Given i.i.d. observations $X_1, \dots, X_n$, what is the distribution of $\max_{1 \le i \le n} X_i$?

Question: The author considers the following approach. How does it in anyway present a simplification of the problem? Isn't the random variable $\Xi$ much more complicated than $\max_{1 \le i \le n}X_i$? For example, how does the author calculate its expectation when $X_i \sim \operatorname{Unif}(a,b)$?

Author's Approach: If the CDF of each $X_i$ is $F(x)$, then the CDF of $\max_{1 \le i \le n}X_i$ is $F(x)^n$, and the author assumes the $X_i$ are absolutely continuous with respect to Lebesgue measure, so the $X_i$ have a density function $f(x)$ with $F'(x) = f(x)$. Therefore, $\max_{1 \le i \le n} X_i$ has the density $nF(x)^{n-1}f(x)$ according to the chain rule (28.6.1).

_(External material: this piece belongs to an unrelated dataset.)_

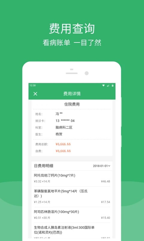 费用查询:详细展示每笔医疗消费明细,包括药品清单、检查项目等,让医疗消费透明化、可视化。
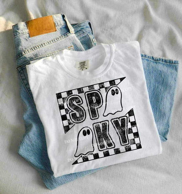 Spooky BLACK with ghosts and checkered print 9931 DTF TRANSFER

Now introduce a new random variable

$$\Xi := n \left( 1 - F \left( \max_{1 \le i \le n} X_i \right) \right) \,. \tag{28.6.2} $$

Via a change of variables (see this CV question), the author concludes that the density of $\Xi$ is:

$$ h(\xi) := \left( \frac{\xi}{n} \right)^{n-1} I_{[0,n]}(\xi) \,, \tag{28.6.3}$$ where $I_{[0,n]}$ denotes the indicator function of the interval $[0,n]$.

The author then proposes finding exact or asymptotic solutions for the problem of solving $\max_{1 \le i \le n} X_i$ in terms of $\Xi$, with the belief that this amounts to a simplification of the problem.

Note: This is an indirect follow-up to a previous question of mine.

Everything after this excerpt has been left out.